## To do
Each line, starting at the one with "Вместительная бутылка для" and running to the end of the data below, is to be set down again exactly, both ends included; leave pictures out.

## Data below
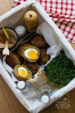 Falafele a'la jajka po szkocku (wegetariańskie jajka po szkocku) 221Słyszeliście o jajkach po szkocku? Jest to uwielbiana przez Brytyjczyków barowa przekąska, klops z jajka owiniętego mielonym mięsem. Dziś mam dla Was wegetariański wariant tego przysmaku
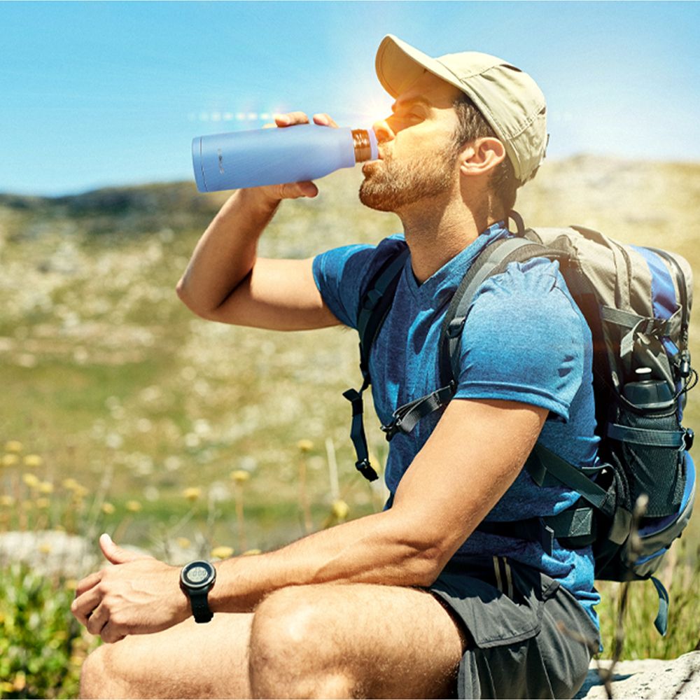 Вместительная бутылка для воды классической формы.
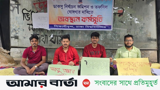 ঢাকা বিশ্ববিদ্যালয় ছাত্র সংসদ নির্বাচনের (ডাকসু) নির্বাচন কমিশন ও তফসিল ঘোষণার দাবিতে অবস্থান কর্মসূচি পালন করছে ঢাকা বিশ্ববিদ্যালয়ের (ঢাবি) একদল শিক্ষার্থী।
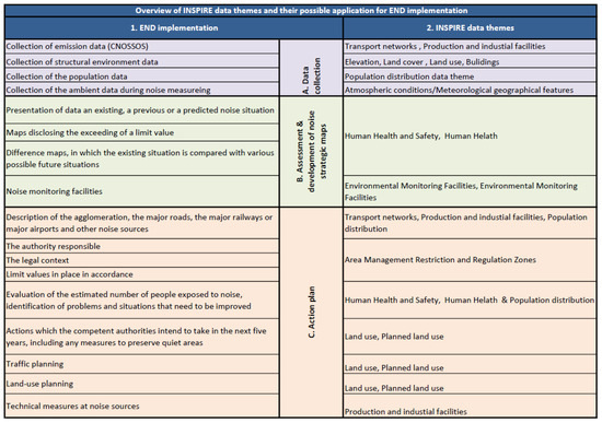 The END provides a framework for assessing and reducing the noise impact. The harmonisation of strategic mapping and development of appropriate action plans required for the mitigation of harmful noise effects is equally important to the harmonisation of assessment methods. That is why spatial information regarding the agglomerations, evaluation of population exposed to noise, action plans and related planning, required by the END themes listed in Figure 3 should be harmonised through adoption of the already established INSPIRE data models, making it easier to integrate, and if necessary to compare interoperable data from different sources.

## Exercise result
 Вместительная бутылка для воды классической формы.
 ঢাকা বিশ্ববিদ্যালয় ছাত্র সংসদ নির্বাচনের (ডাকসু) নির্বাচন কমিশন ও তফসিল ঘোষণার দাবিতে অবস্থান কর্মসূচি পালন করছে ঢাকা বিশ্ববিদ্যালয়ের (ঢাবি) একদল শিক্ষার্থী।
 The END provides a framework for assessing and reducing the noise impact. The harmonisation of strategic mapping and development of appropriate action plans required for the mitigation of harmful noise effects is equally important to the harmonisation of assessment methods. That is why spatial information regarding the agglomerations, evaluation of population exposed to noise, action plans and related planning, required by the END themes listed in Figure 3 should be harmonised through adoption of the already established INSPIRE data models, making it easier to integrate, and if necessary to compare interoperable data from different sources.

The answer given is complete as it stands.